◆ **Data for analysis**
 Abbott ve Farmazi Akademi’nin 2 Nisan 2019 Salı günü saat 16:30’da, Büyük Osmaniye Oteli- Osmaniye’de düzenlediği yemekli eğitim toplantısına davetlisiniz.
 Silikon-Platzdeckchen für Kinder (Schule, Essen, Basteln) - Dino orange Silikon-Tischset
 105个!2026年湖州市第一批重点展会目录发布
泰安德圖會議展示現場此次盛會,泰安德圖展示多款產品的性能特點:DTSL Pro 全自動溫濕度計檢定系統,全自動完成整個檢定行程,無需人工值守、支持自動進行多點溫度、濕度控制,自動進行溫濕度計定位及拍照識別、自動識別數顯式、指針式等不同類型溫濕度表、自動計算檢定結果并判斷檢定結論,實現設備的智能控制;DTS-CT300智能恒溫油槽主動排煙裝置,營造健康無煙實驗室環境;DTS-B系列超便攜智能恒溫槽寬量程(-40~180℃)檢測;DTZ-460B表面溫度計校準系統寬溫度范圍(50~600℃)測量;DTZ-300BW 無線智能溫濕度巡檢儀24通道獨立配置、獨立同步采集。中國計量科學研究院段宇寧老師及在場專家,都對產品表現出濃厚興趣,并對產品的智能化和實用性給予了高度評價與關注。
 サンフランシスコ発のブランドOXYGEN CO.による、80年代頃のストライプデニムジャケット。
* * *
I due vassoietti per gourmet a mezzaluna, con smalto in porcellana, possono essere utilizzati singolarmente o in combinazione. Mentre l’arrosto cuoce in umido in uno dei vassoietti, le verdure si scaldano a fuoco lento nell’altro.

◆ **Exercise brief**
What you give back should be exactly the lines of the data above from the line with "Silikon-Platzdeckchen für Kinder" through the line with "105个!2026年湖州市第一批重点展会目录发布", both of those included, and nothing more.

◆ **Reply**
 Silikon-Platzdeckchen für Kinder (Schule, Essen, Basteln) - Dino orange Silikon-Tischset
 105个!2026年湖州市第一批重点展会目录发布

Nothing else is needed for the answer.